* _EXERCISE PROMPT_
Only the lines from the one with "Plastikowy power bank" through the last line of the data below are to be duplicated, exactly and without pictures.

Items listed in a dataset
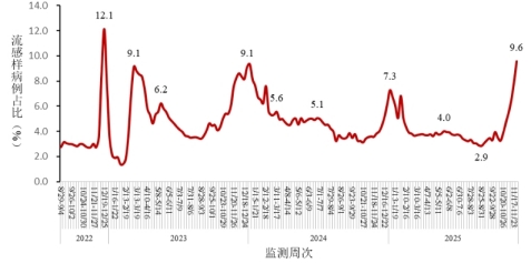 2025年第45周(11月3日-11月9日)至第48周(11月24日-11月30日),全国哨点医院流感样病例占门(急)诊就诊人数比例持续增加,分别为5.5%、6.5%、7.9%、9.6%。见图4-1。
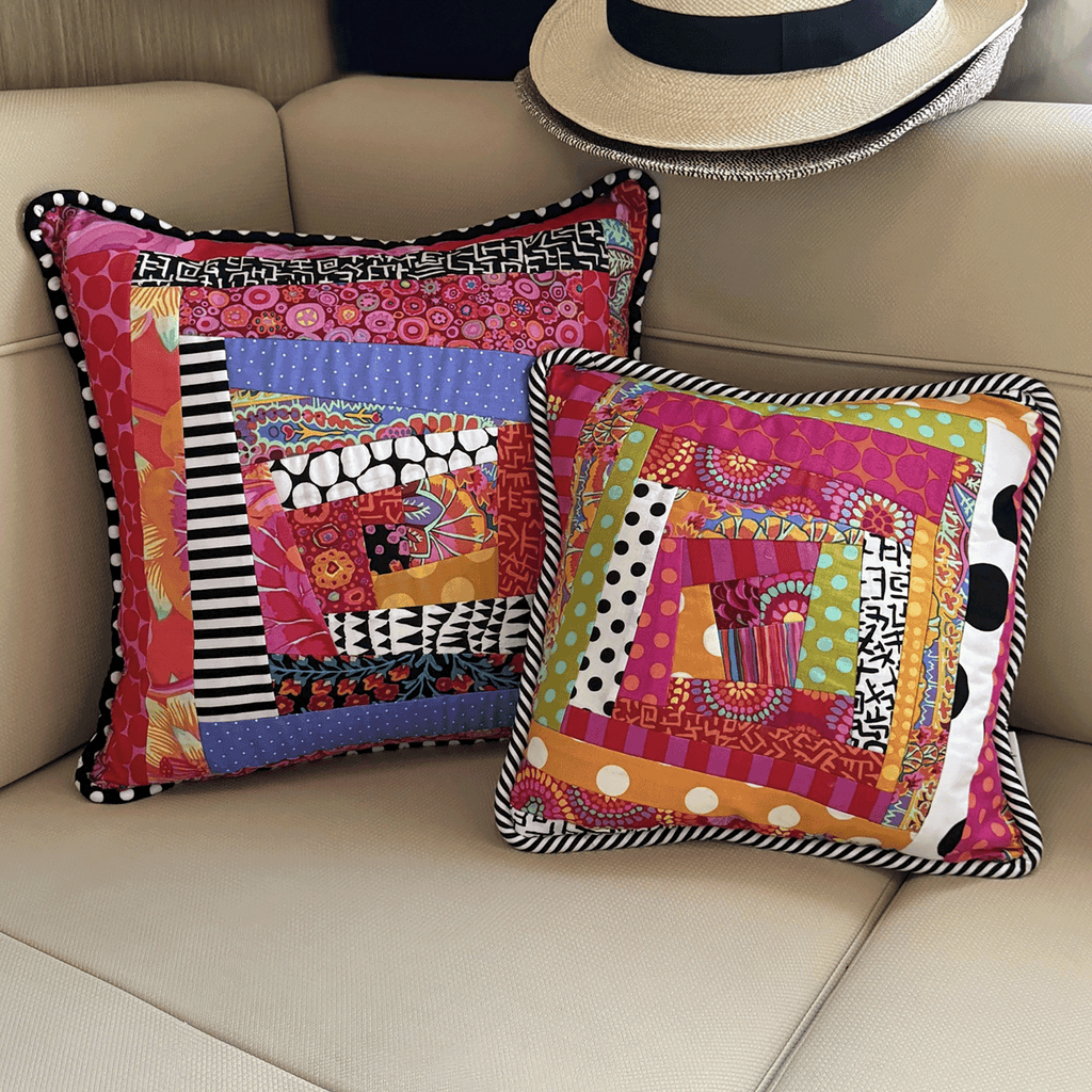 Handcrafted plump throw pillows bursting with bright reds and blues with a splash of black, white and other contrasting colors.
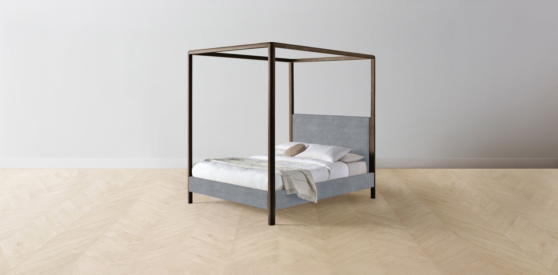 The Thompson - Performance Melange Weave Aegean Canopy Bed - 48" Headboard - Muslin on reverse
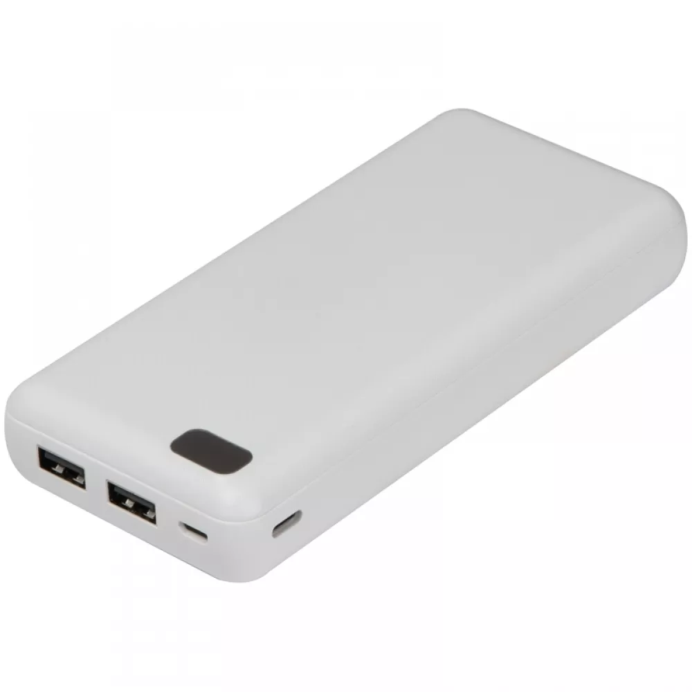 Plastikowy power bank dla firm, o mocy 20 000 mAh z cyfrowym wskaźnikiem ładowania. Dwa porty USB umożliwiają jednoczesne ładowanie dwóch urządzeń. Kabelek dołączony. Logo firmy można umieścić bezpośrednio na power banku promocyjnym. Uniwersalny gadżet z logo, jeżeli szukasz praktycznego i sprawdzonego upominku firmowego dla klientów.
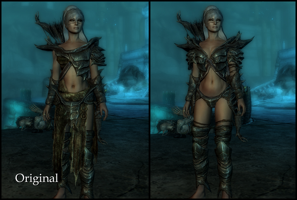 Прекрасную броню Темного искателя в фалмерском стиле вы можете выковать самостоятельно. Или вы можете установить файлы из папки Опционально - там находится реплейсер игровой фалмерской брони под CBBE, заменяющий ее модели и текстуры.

* _WRITTEN RESPONSE_
 Plastikowy power bank dla firm, o mocy 20 000 mAh z cyfrowym wskaźnikiem ładowania. Dwa porty USB umożliwiają jednoczesne ładowanie dwóch urządzeń. Kabelek dołączony. Logo firmy można umieścić bezpośrednio na power banku promocyjnym. Uniwersalny gadżet z logo, jeżeli szukasz praktycznego i sprawdzonego upominku firmowego dla klientów.
 Прекрасную броню Темного искателя в фалмерском стиле вы можете выковать самостоятельно. Или вы можете установить файлы из папки Опционально - там находится реплейсер игровой фалмерской брони под CBBE, заменяющий ее модели и текстуры.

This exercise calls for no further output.